= Inverted cross =

Religious symbol

An inverted cross

The inverted cross (𐕣), also known as the upside-down cross, is a symbol that has been used in both Christian and anti-Christian contexts. Historically, it is most commonly associated with Saint Peter, who, according to tradition, was crucified upside down and for whom the symbol represents humility and martyrdom. In the modern era, the inverted Latin cross has also been adopted in anti-Christian and Satanic symbolism to signify opposition to Christianity.

==Christian symbolism==

The inverted cross is traditionally known as the Cross of Saint Peter, Crux Inversa, or Petrine Cross. According to Christian tradition, Saint Peter was crucified upside down, as he did not consider himself worthy to die in the same manner as Jesus. As a result, the symbol has been used in Christian iconography, particularly within the Catholic Church, as a symbol of humility.

==Anti-Christian use==
In the 19th and 20th centuries, some anti-Christian groups, occult traditions, and Satanic movements repurposed the inverted cross as a symbol of defiance against Christianity. Unlike its use in Christian tradition, here it is meant to invert or subvert Christian teachings. The inverted cross is a recurring motif in metal music, particularly black metal, in congruity with its anti-Christian themes.

===In literature===
Joris-Karl Huysmans' novel Là-bas (1891) describes a Black Mass where participants wear vestments with inverted crosses. The character 'Docteur Johannès' was based on the 19th-century French mystic Eugène Vintras (1807–1875), who incorporated the Petrine Cross into his vestments, particularly on his stole, as part of his movement's esoteric Christian symbolism.

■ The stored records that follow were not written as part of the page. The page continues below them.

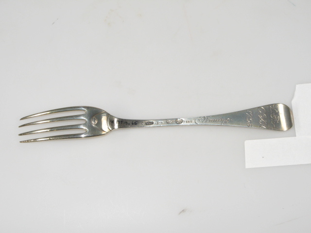 Tafelvork. Steel met middenribbe en omhoog gebogen ronde kop, aan de achterzijde dubbel Amsterdams lof. Op onderzijde steel is een monogram gegraveerd met initialen: D.I.A./ O.V.H./, de afkorting van Diaconie Oude Vrouwenhuis, alsmede een naam van diaken of diaconesse en het jaar van aantreden in die functie.
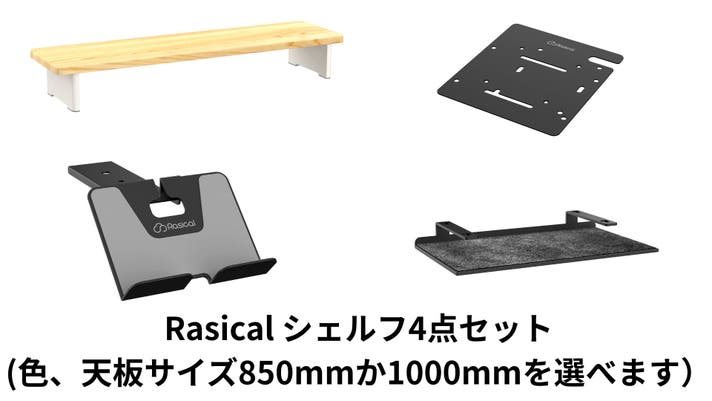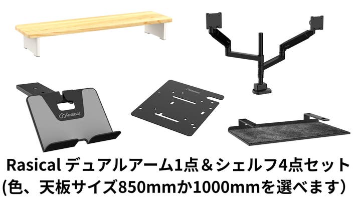 ・Rasical モニターアームデュアル ×1(シェルフ脚と同色になります)
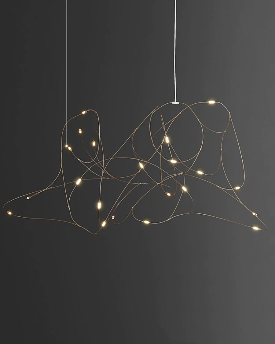 Flock of Light captures the magic of a warm summer evening. Bronze wires, brass cups with semi-transparent polycarbonate diffusers.

The Inverted Cross (La Cruz Invertida) by Argentine writer Marcos Aguinis (1970) is a political and social novel set in an unnamed Latin American country, exploring themes of upheaval, identity, and dictatorship. It critically examines human contradictions and the continent's struggles for unity.

===In popular culture===
Many horror films use inverted crosses as part of their imagery and marketing, especially if the film involves demonic themes. Examples include The Amityville Horror, The Conjuring, Paranormal Activity, and 28 Years Later. At the end of Rosemary's Baby, an upside down cross hangs over the bassinet containing Satan's son.

In the 2001 band Gorillaz, Murdoc, the self-proclaimed leader of the band and bassist, is a satanist and wears the inverted cross.

Glen Benton of the band Deicide branded an inverted cross onto his forehead.

Former Black Sabbath drummer Bill Ward suggested that the use of an inverted cross on the inner gatefold sleeve of their debut album by their label Vertigo may have been a promotional ploy or a misunderstanding of the nature of the group.

Then-indie hip hop artist Tyler, the Creator drew the cross on his forehead for his portrait in the deluxe album cover for his 2011 album Goblin. Similarly, experimental trap artist Playboi Carti utilized the upside down cross for his 2020 album Whole Lotta Red. On the cover, Carti is depicted wearing an inverted crucifix pendant. This piece of jewelry has remained a staple with his outfits, and his fellow Opium signee Ken Carson has inserted the iconography into the cover for his 2023 album A Great Chaos.